- Opening Delimiter -

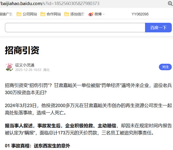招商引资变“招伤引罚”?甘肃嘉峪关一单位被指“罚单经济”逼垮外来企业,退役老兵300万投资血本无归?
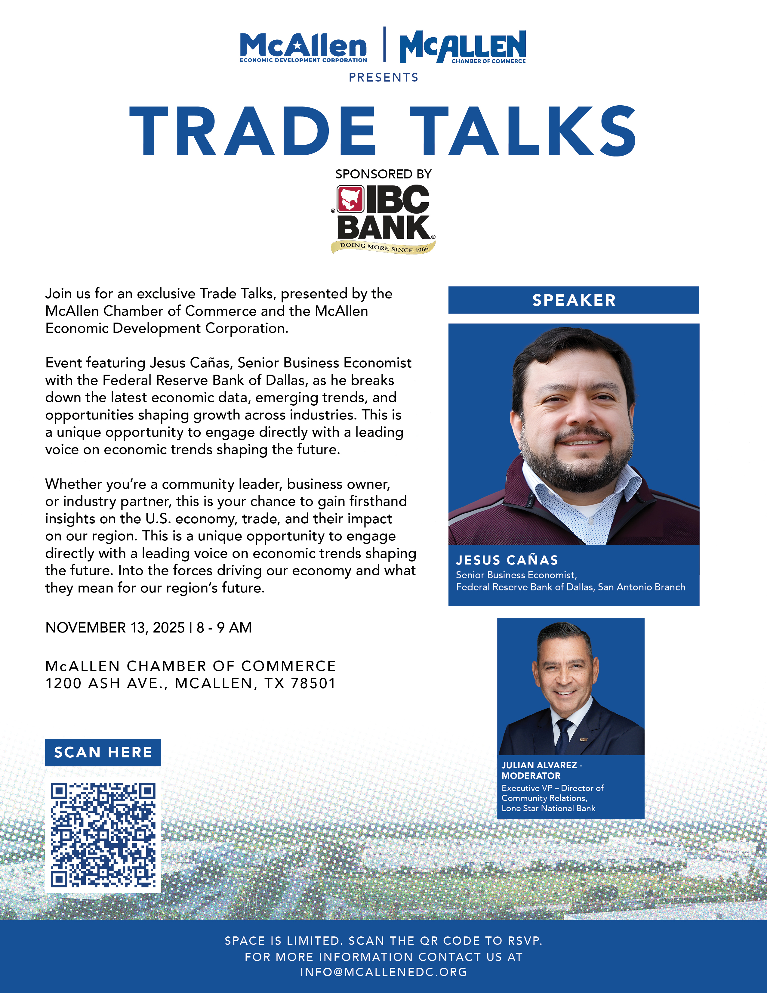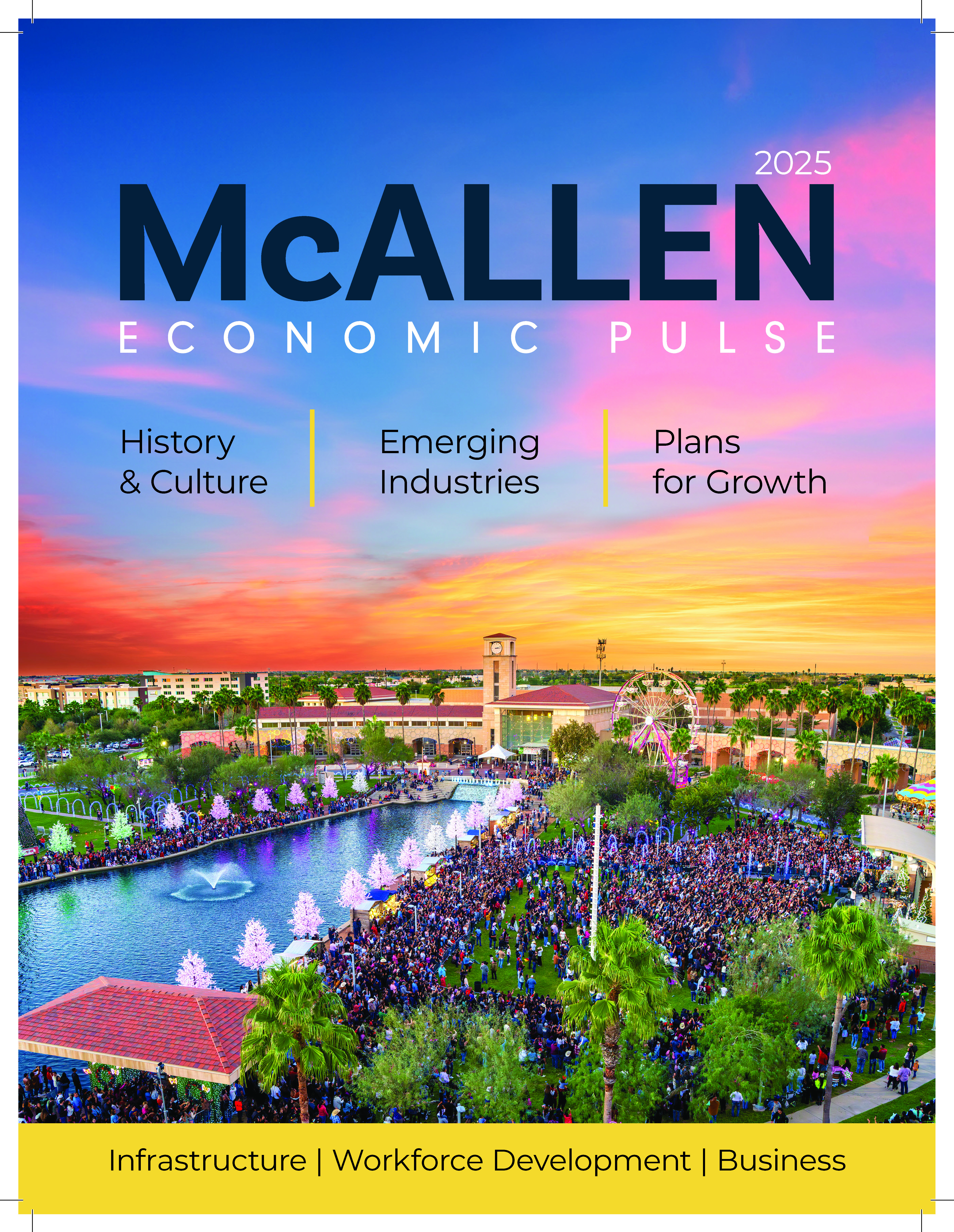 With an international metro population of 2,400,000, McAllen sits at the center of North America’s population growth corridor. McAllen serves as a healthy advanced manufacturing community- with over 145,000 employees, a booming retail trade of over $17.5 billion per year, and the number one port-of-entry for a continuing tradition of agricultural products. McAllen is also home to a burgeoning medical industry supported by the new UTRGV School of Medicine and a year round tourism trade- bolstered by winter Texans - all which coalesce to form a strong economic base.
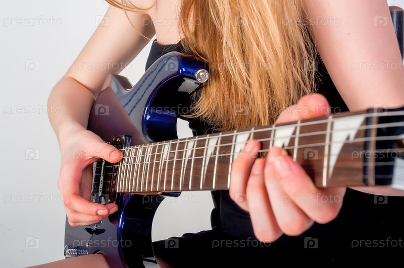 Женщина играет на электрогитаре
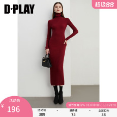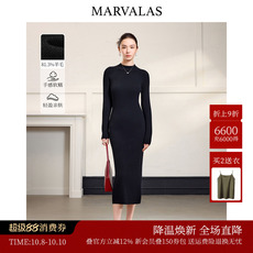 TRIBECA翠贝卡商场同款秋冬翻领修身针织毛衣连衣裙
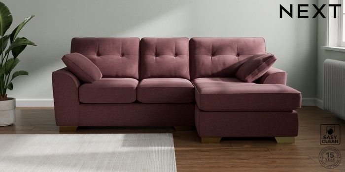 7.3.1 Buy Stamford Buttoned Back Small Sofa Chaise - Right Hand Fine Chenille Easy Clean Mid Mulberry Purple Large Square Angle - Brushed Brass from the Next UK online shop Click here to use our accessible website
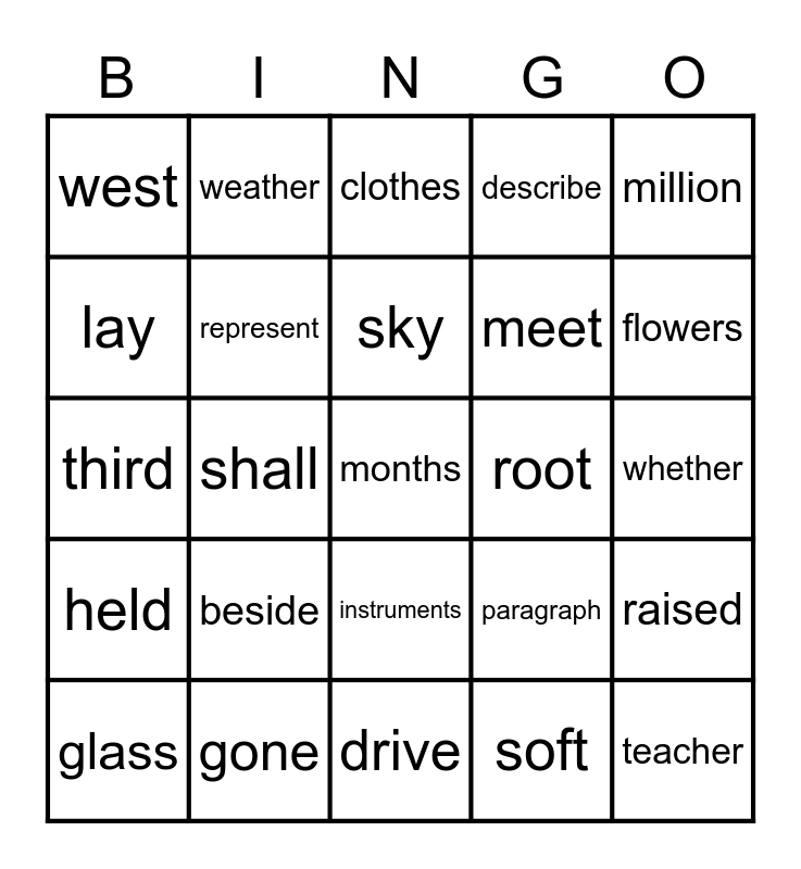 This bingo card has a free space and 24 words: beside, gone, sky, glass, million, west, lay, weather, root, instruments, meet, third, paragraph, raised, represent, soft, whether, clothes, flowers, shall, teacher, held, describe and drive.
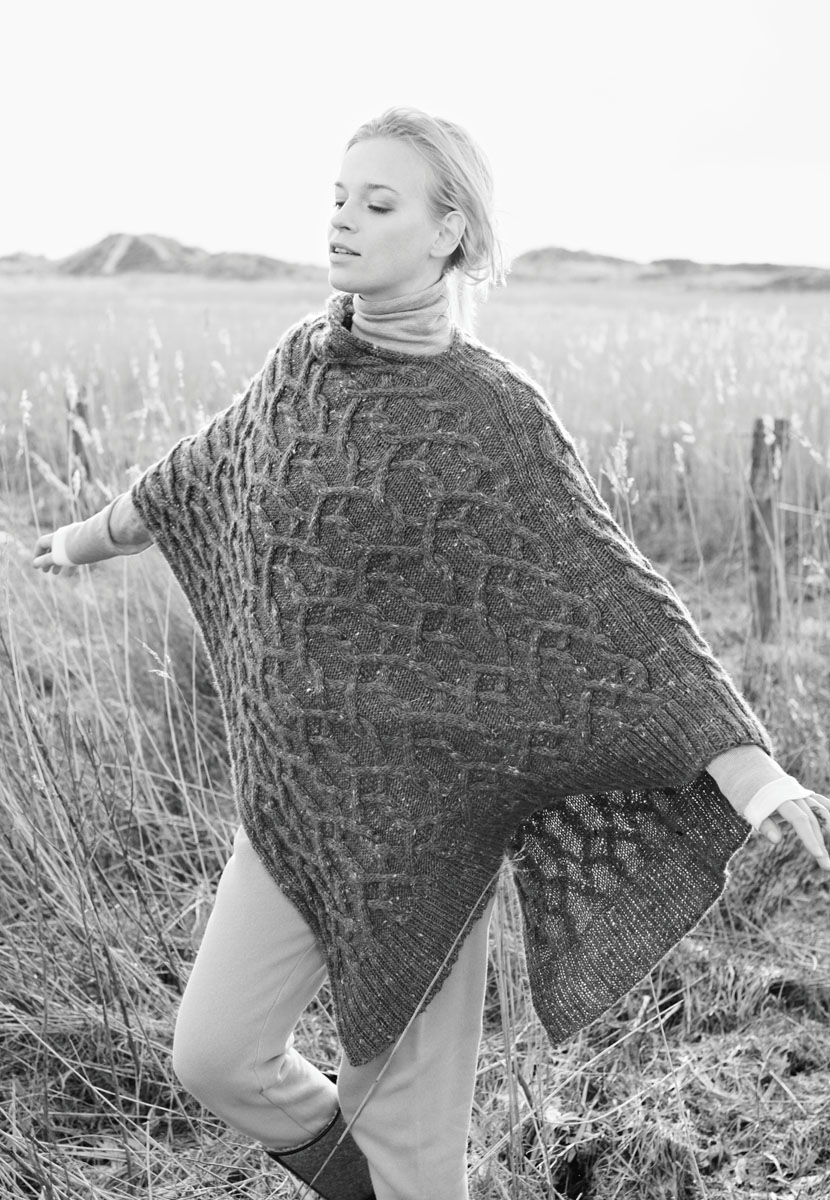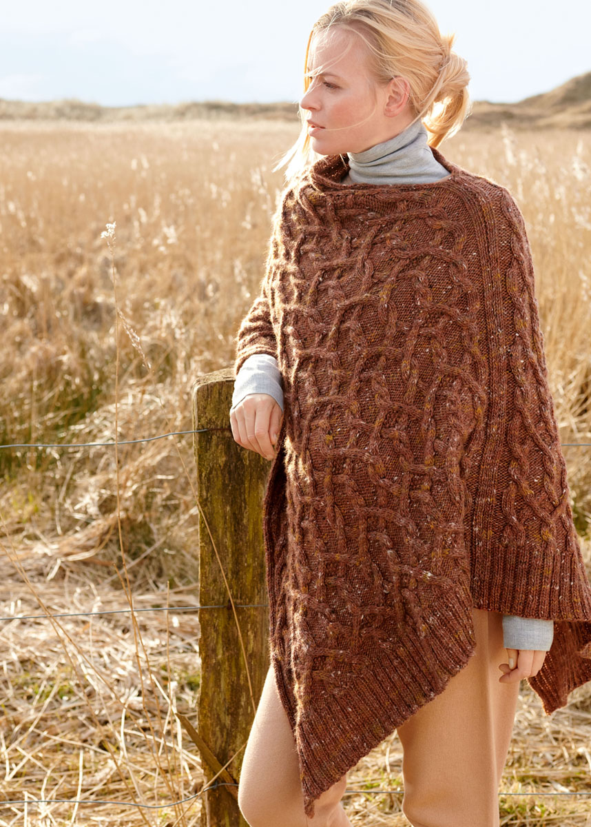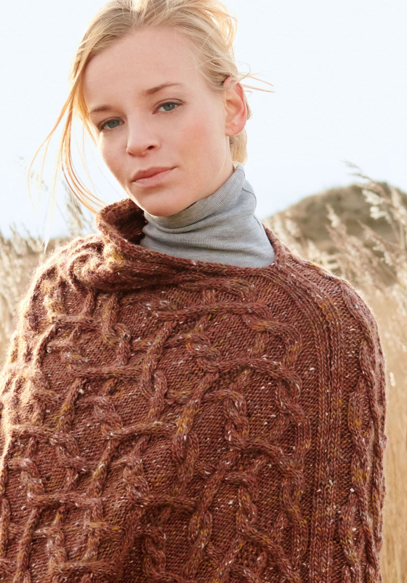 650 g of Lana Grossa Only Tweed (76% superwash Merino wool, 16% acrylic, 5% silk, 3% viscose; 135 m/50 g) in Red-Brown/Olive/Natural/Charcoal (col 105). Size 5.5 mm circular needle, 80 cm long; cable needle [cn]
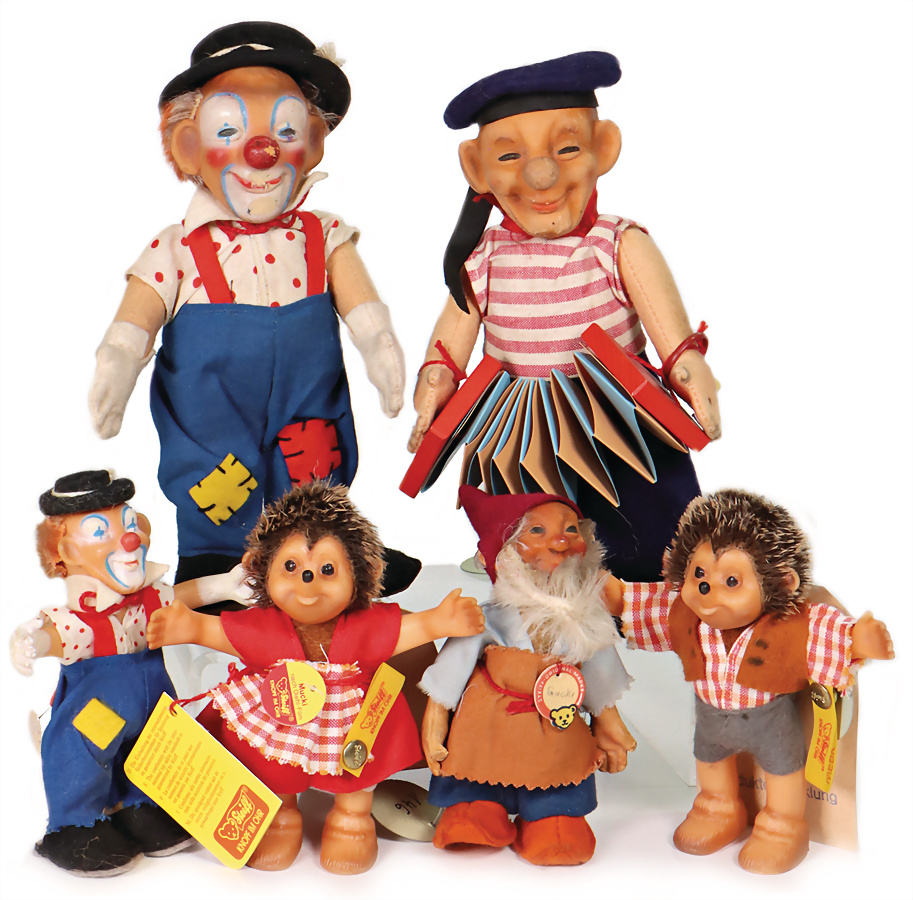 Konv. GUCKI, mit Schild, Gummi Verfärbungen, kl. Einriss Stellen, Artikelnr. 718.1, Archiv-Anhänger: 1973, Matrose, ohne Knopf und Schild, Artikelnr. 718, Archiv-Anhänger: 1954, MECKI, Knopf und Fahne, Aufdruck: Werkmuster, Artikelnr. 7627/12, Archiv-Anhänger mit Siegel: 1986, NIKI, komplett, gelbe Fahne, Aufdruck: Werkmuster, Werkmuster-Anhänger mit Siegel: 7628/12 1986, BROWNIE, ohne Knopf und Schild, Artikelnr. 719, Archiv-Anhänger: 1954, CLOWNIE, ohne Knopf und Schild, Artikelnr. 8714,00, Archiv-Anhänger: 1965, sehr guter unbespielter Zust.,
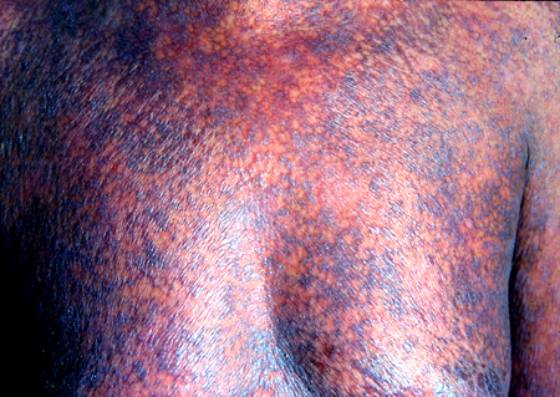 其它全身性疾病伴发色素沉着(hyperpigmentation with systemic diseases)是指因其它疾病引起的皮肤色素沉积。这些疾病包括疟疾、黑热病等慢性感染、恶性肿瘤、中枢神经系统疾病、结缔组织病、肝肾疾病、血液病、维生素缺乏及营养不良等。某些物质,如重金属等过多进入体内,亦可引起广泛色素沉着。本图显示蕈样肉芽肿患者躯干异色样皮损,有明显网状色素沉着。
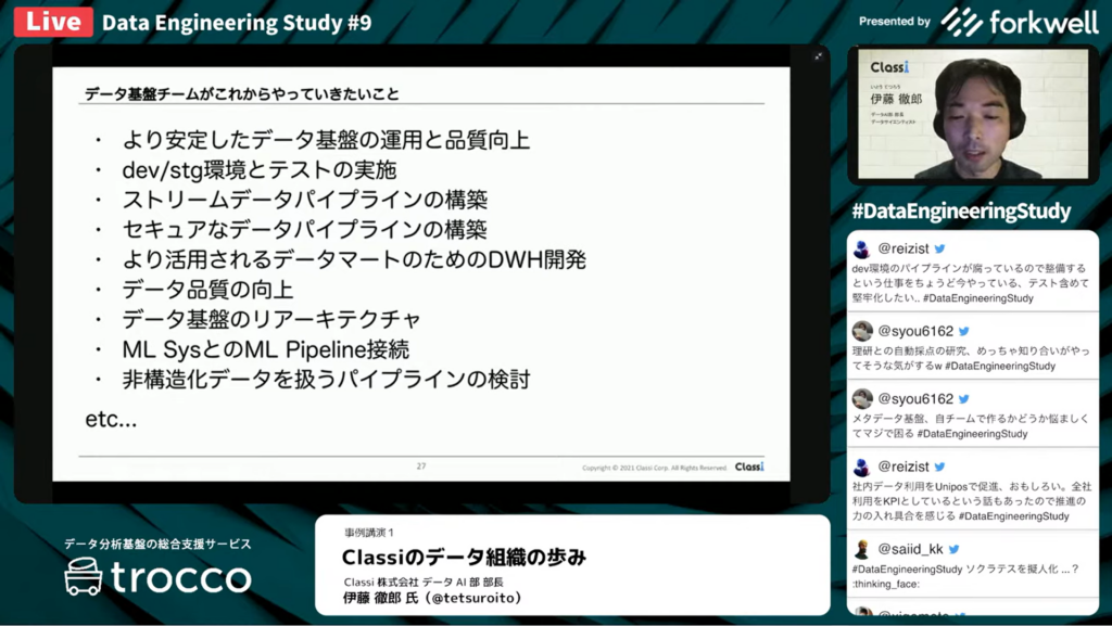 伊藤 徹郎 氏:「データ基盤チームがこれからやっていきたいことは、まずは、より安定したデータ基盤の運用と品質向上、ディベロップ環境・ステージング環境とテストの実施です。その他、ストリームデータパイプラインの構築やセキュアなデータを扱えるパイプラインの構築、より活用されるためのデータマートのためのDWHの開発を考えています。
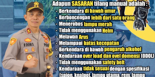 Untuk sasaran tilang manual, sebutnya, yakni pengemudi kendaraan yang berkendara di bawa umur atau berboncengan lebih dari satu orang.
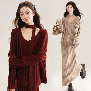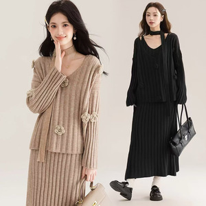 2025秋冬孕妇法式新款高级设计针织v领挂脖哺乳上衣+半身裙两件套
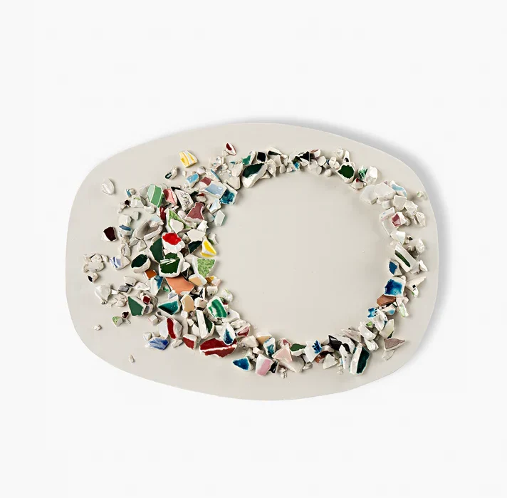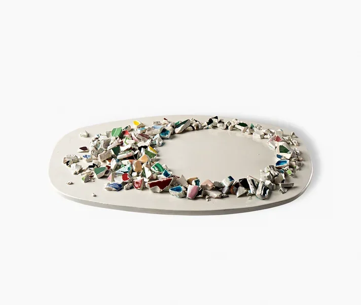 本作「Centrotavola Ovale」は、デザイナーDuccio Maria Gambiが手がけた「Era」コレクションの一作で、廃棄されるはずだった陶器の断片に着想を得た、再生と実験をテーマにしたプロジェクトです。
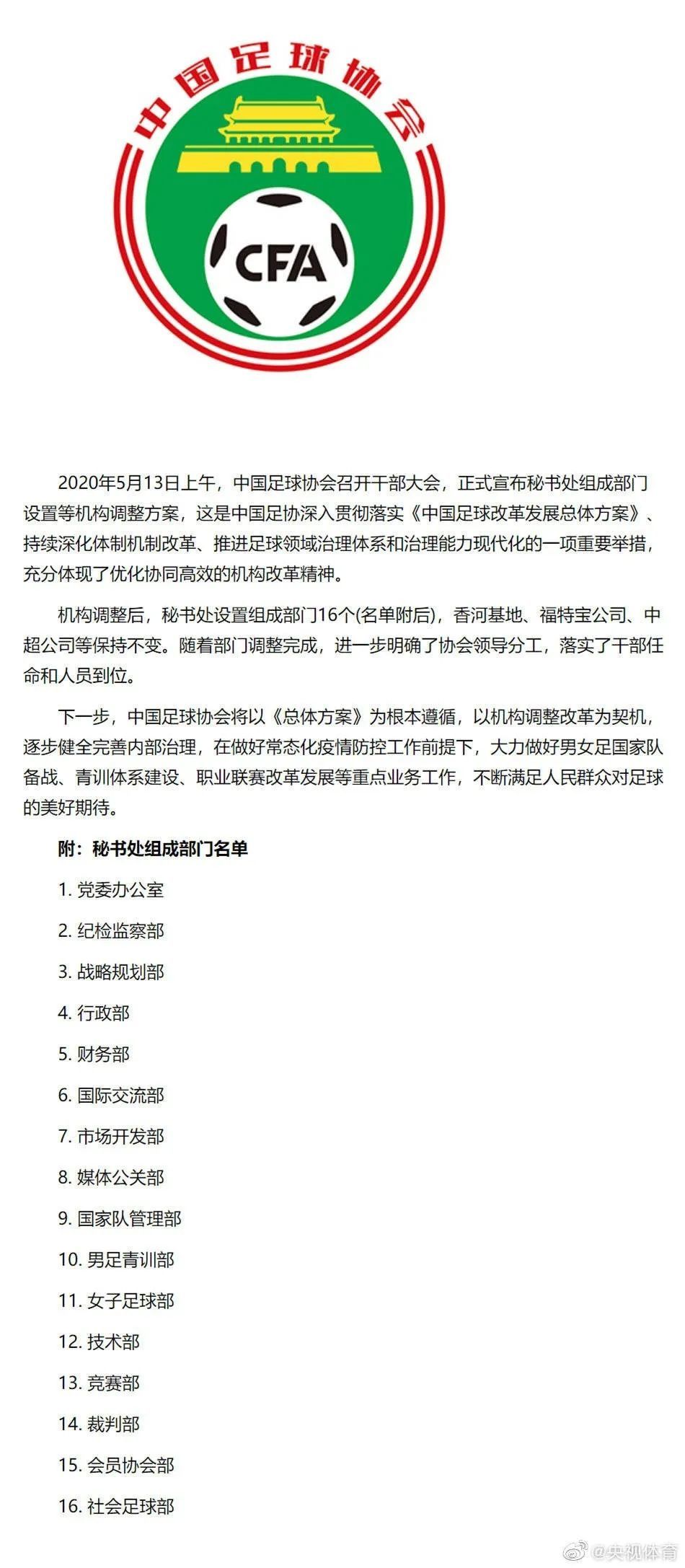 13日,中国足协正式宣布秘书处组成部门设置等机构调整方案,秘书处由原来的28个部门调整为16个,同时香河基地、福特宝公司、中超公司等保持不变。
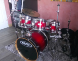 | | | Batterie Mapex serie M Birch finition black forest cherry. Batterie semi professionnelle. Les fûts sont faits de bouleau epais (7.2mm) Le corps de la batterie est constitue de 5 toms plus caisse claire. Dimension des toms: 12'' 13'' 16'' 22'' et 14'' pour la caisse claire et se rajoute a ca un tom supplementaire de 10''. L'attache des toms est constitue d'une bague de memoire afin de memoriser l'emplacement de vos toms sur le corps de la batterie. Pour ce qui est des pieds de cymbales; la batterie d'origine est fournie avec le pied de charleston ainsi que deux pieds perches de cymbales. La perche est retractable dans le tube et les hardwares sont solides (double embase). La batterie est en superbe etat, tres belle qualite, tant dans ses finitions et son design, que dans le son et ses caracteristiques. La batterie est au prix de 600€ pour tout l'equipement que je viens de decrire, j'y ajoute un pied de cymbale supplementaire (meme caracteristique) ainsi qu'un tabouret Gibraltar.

- Closing Delimiter -

Reproduce the data above exactly, but only the lines from the one showing "7.3.1 Buy Stamford" through the one showing "13日,中国足协正式宣布秘书", with both ends kept and the pictures left out.

 7.3.1 Buy Stamford Buttoned Back Small Sofa Chaise - Right Hand Fine Chenille Easy Clean Mid Mulberry Purple Large Square Angle - Brushed Brass from the Next UK online shop Click here to use our accessible website
 This bingo card has a free space and 24 words: beside, gone, sky, glass, million, west, lay, weather, root, instruments, meet, third, paragraph, raised, represent, soft, whether, clothes, flowers, shall, teacher, held, describe and drive.
 650 g of Lana Grossa Only Tweed (76% superwash Merino wool, 16% acrylic, 5% silk, 3% viscose; 135 m/50 g) in Red-Brown/Olive/Natural/Charcoal (col 105). Size 5.5 mm circular needle, 80 cm long; cable needle [cn]
 Konv. GUCKI, mit Schild, Gummi Verfärbungen, kl. Einriss Stellen, Artikelnr. 718.1, Archiv-Anhänger: 1973, Matrose, ohne Knopf und Schild, Artikelnr. 718, Archiv-Anhänger: 1954, MECKI, Knopf und Fahne, Aufdruck: Werkmuster, Artikelnr. 7627/12, Archiv-Anhänger mit Siegel: 1986, NIKI, komplett, gelbe Fahne, Aufdruck: Werkmuster, Werkmuster-Anhänger mit Siegel: 7628/12 1986, BROWNIE, ohne Knopf und Schild, Artikelnr. 719, Archiv-Anhänger: 1954, CLOWNIE, ohne Knopf und Schild, Artikelnr. 8714,00, Archiv-Anhänger: 1965, sehr guter unbespielter Zust.,
 其它全身性疾病伴发色素沉着(hyperpigmentation with systemic diseases)是指因其它疾病引起的皮肤色素沉积。这些疾病包括疟疾、黑热病等慢性感染、恶性肿瘤、中枢神经系统疾病、结缔组织病、肝肾疾病、血液病、维生素缺乏及营养不良等。某些物质,如重金属等过多进入体内,亦可引起广泛色素沉着。本图显示蕈样肉芽肿患者躯干异色样皮损,有明显网状色素沉着。
 伊藤 徹郎 氏:「データ基盤チームがこれからやっていきたいことは、まずは、より安定したデータ基盤の運用と品質向上、ディベロップ環境・ステージング環境とテストの実施です。その他、ストリームデータパイプラインの構築やセキュアなデータを扱えるパイプラインの構築、より活用されるためのデータマートのためのDWHの開発を考えています。
 Untuk sasaran tilang manual, sebutnya, yakni pengemudi kendaraan yang berkendara di bawa umur atau berboncengan lebih dari satu orang.
 2025秋冬孕妇法式新款高级设计针织v领挂脖哺乳上衣+半身裙两件套
 本作「Centrotavola Ovale」は、デザイナーDuccio Maria Gambiが手がけた「Era」コレクションの一作で、廃棄されるはずだった陶器の断片に着想を得た、再生と実験をテーマにしたプロジェクトです。
 13日,中国足协正式宣布秘书处组成部门设置等机构调整方案,秘书处由原来的28个部门调整为16个,同时香河基地、福特宝公司、中超公司等保持不变。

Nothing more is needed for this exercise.